----- TASK DATA

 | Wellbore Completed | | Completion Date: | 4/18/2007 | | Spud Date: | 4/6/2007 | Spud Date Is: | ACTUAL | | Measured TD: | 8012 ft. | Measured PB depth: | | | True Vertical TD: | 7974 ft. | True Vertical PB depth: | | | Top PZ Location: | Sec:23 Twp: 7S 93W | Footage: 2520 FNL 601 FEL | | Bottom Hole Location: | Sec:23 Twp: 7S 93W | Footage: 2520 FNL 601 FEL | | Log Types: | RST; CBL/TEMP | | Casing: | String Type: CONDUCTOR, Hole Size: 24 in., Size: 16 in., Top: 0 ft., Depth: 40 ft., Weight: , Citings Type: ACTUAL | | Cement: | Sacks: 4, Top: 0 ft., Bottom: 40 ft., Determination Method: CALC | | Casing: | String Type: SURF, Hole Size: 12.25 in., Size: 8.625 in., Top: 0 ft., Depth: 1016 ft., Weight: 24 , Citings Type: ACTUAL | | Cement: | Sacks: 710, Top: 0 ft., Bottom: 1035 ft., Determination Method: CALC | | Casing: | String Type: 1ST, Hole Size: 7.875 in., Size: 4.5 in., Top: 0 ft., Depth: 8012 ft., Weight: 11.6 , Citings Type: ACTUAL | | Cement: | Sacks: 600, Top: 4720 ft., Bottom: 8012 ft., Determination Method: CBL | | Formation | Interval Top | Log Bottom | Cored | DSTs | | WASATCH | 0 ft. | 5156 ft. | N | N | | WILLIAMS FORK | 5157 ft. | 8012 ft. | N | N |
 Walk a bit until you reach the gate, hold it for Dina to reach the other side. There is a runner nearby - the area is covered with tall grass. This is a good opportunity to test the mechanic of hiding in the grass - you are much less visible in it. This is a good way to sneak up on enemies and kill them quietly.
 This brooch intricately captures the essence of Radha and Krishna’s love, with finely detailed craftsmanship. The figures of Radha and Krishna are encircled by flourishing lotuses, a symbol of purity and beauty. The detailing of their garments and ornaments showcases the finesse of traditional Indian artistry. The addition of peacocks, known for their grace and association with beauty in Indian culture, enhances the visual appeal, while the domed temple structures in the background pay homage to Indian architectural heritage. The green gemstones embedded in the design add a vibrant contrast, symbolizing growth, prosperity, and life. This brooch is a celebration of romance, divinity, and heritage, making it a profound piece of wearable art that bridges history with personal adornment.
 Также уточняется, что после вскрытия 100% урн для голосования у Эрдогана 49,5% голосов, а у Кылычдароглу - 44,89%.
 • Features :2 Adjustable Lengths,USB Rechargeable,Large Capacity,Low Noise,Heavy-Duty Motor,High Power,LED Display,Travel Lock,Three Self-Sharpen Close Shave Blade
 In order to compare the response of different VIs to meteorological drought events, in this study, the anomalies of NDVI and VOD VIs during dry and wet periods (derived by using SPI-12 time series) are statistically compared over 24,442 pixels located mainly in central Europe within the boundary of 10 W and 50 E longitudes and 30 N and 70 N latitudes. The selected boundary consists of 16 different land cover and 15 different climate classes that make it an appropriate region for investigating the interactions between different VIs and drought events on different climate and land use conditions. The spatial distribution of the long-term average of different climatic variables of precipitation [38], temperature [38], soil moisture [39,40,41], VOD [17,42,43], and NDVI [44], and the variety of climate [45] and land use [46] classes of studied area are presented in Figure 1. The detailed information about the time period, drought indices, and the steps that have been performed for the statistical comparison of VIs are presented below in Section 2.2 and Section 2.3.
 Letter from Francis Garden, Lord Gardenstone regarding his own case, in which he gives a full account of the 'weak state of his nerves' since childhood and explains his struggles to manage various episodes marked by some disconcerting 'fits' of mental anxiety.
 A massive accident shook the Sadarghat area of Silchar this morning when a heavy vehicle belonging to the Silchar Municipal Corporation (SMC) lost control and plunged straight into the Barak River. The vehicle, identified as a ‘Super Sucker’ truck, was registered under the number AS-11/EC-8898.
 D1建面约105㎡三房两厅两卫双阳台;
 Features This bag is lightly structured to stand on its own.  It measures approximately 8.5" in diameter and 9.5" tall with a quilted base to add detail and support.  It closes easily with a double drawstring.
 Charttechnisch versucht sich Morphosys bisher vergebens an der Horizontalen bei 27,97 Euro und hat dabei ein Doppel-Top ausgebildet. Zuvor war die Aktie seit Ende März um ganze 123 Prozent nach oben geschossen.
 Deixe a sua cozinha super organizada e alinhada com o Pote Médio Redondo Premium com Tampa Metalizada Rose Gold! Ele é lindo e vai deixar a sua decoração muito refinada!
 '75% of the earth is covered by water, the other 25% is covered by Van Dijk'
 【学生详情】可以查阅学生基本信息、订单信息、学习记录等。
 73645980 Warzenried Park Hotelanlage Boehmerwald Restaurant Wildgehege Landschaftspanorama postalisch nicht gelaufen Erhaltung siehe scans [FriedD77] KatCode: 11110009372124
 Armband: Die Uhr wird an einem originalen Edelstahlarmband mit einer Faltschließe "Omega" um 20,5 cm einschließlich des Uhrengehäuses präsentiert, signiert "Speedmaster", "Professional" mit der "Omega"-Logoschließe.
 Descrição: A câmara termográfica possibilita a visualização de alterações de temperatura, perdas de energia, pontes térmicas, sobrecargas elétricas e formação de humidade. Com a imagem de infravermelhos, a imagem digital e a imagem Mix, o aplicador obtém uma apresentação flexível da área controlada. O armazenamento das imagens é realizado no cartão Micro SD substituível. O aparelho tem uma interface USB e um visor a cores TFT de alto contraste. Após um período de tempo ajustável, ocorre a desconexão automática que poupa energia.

----------

▶ [DIRECTIONS] Look for the word "tall" throughout the material above and copy every line that has it.

▶ [TASK SOLUTION]
 Walk a bit until you reach the gate, hold it for Dina to reach the other side. There is a runner nearby - the area is covered with tall grass. This is a good opportunity to test the mechanic of hiding in the grass - you are much less visible in it. This is a good way to sneak up on enemies and kill them quietly.
 Features This bag is lightly structured to stand on its own.  It measures approximately 8.5" in diameter and 9.5" tall with a quilted base to add detail and support.  It closes easily with a double drawstring.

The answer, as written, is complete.